Зощеновский рассказчик является, как правило, отрицательным героем, который вызывает к себе одновременно и отвращение, и жалость. Зощенко нигде открыто не ругает своего рассказчика, он даже относиться к нему как бы с сочувствием. Но сочувствие это такое, что в дальнейшем ощущается примитивность персонажа, его чувств и мыслей. В рассказе “Мещанский уклон” рассказчик защищает Васю Растопыркина, героя рассказа.

И чем дальше рассказчик описывает самого Васю Растопыркина и то, что с ним произошло, чем больше защищает его, там все более абсурдным становиться поведение и того и другого.

“Василия Тарасовича Растопыркина – Васю Растопыркина, этого чистого пролетария, беспартийного черт знает с какого года выкинули с трамвайной площадки”. Рабочего человека выкидывают из трамвая, что вызывает негодование рассказчика. Хотя ирония, с которой автор пишет, заставляет усомниться в правомерности негодования рассказчика.

“Конечно, слов нет, одет был Василий Тарасович не во фраке, ему, знаете, нету времени фраки и манжетки на грудь одевать. Он, может, в пять часов шабашит и сразу домой прет. Он, может, маляр. Он, может, действительно, как собака грязный едет.
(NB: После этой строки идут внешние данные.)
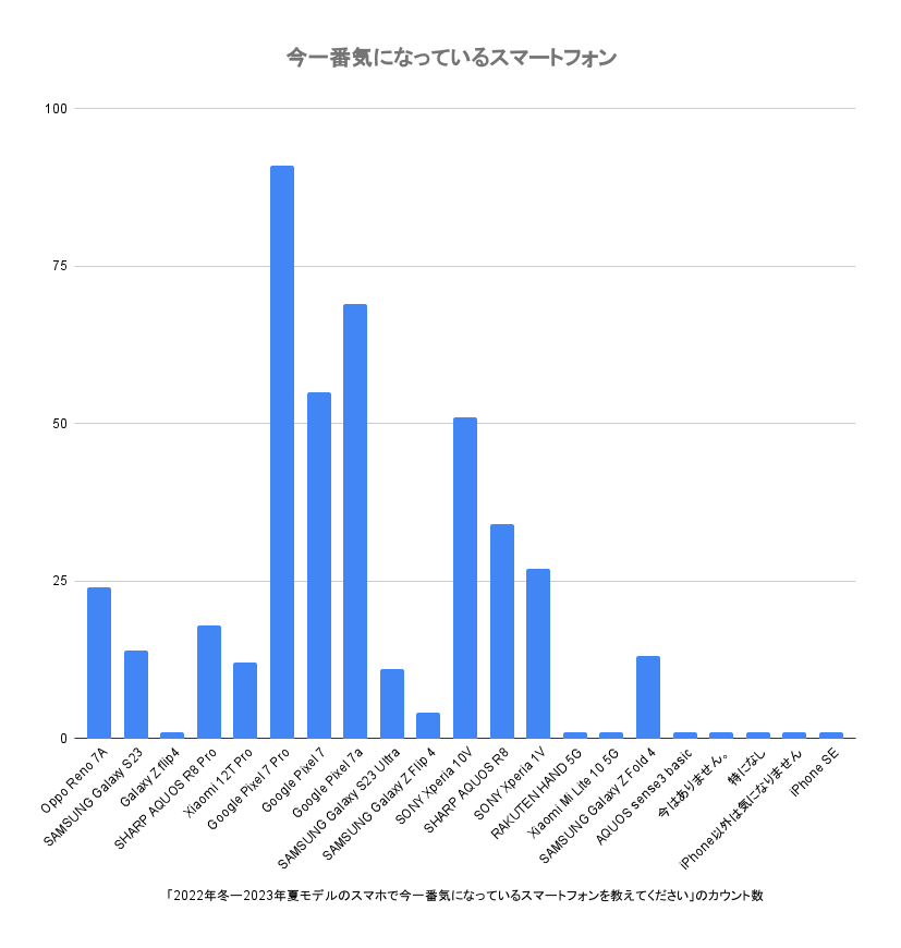 今回はiPhoneを除いたAndroidスマーフォンに対象を絞ってアンケートを取りました。それでも「iPhoneしか気にならない」とわざわざ記入するほどの熱狂的なファンもいました。

Может, краски и другие предметы ему льются на костюм во время профессии. Может, он морально от этого устает и ходить пешком ему трудно”. Растопыркин пачкает всех, проливает на кого-то краску, и при этом непоколебимо уверен в своей правоте.

Но под осмеянием автора оказывается не только Вася Растопыркин, но и сам рассказчик, все время демонстрирующий свою глупость.

Зощенко иронично относиться к своему рассказчику. Он не только не разделяет его взглядов и стремлений, а отрицает этот тип миропонимания. В его сознании существует иной мир, недоступный пониманию героя-обывателя.

Наличие этого мира Зощенко предполагает увидеть в нравственном и в интеллектуальном воспитании читателя, который сможет уловить иронию Зощенко.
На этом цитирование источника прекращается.